I cannot see any distinction between this case and one where a lecturer is afforded protection against publication of his thoughts, ideas and conclusions. In Abernethy v. Hutchinson (3 L. J. Ch. 209) plaintiff, a distinguished surgeon, sought to restrain the publication in The Lancet of unpublished lectures which he had delivered in St. Bartholomew’s Hospital in London. Lord Eldon granted the injunction on the ground of breach of confidence.

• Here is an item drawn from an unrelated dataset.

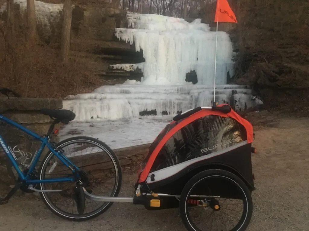 We also love renting the Quadicycle or kayaks at the Creve Coeur Canoe Rental shop. There are three playgrounds, a ropes course and the unpaved Bootlegger’s trail in the upper part of the park. In addition, Dripping Springs waterfall is a sight to see after a good rain or in the winter with lots of icicles (see picture below of the frozen waterfall)! Basically, I’m obsessed with this area and it is a huge bonus to be a good spot for family-friendly biking too!

He said, in part, that “ When persons were admitted, as pupils or otherwise, ,to hear these lectures, although they were orally delivered, and although the parties might go to the extent, if they were able to do so, of putting down the whole by means of shorthand, yet they could do that only for the purposes of their own information, and could not publish for profit that which they had not obtained the right of selling.”

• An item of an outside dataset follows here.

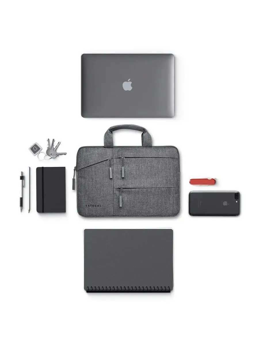 Сумка Satechi Water-Resistant Laptop Carrying Case, выполненная из нейлона серого цвета, способна выдерживать различные неблагоприятные воздействия внешней среды и легко очищается от загрязнений. Конструкция с плотными стенками является гарантией надежной защиты содержимого от ударов, повреждений, загрязнений. Основное отделение предназначено для размещения 15-дюймового портативного компьютера, а специально для периферийных устройств и мелких принадлежностей предусмотрено несколько внешних карманов на застежке-молнии. Мягкие ручки с накладками позволяют комфортно удерживать сумку Satechi Water-Resistant Laptop Carrying Case. Оптимально подходит для деловых командировок и туристических поездок.

It is to be noted that the effect of the complaint is to allege that, by offering to purchase the articles, the defendant induced plaintiff to disclose what she could sell, and although failing to agree on her terms defendant used her product, it being set forth that the newspaper published what was “ in substance her own composition.” This, according to the complaint, was not mere news,” nor the substance of an ordinary interview,” but “ her article,” appropriated by one who ascertained its contents under circumstances which implied that it would not be used without compensation. In this article, which the pleading shows to have been substantially copaplete when it was revealed to defendant’s representative, plaintiff had a common-law property.

I do not think that there is much "force to the argument made by defendant that the ideas expressed by plaintiff were not original. Very few literary, musical or artistic ideas are really novel.

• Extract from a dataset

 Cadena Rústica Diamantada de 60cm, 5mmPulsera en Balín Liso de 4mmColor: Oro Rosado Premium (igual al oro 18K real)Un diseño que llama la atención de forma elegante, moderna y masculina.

In his discussion of the right to privacy, which appeared in 4 Harvard Law Review, page 193, Mr. Louis D. Brandéis, now a justice of the United States Supreme Court, in collaboration with Mr. Samuel D. Warren, gave careful consideration to similar questions.

The case of Bristol v. Equitable Life Assurance Society (132 N. Y. 264), relied upon by defendant, is not in point. There the plaintiff asserted that he had unfolded a certain plan of advertising to the defendant insurance society while seeking employment with iti His theory was that he was entitled to an accounting because the company had adopted the plan and by the use of it had increased *287its business. Here we have a case where defendant sought to employ plaintiff and while negotiations were pending obtained plaintiff’s views concerning the matters she was to write upon. When negotiations failed it seemed but fair to assume that there was an implied understanding that defendant was not to use, for profit, the matters which plaintiff refused to sell.

For the foregoing reasons the motion will, therefore, be denied. Settle order.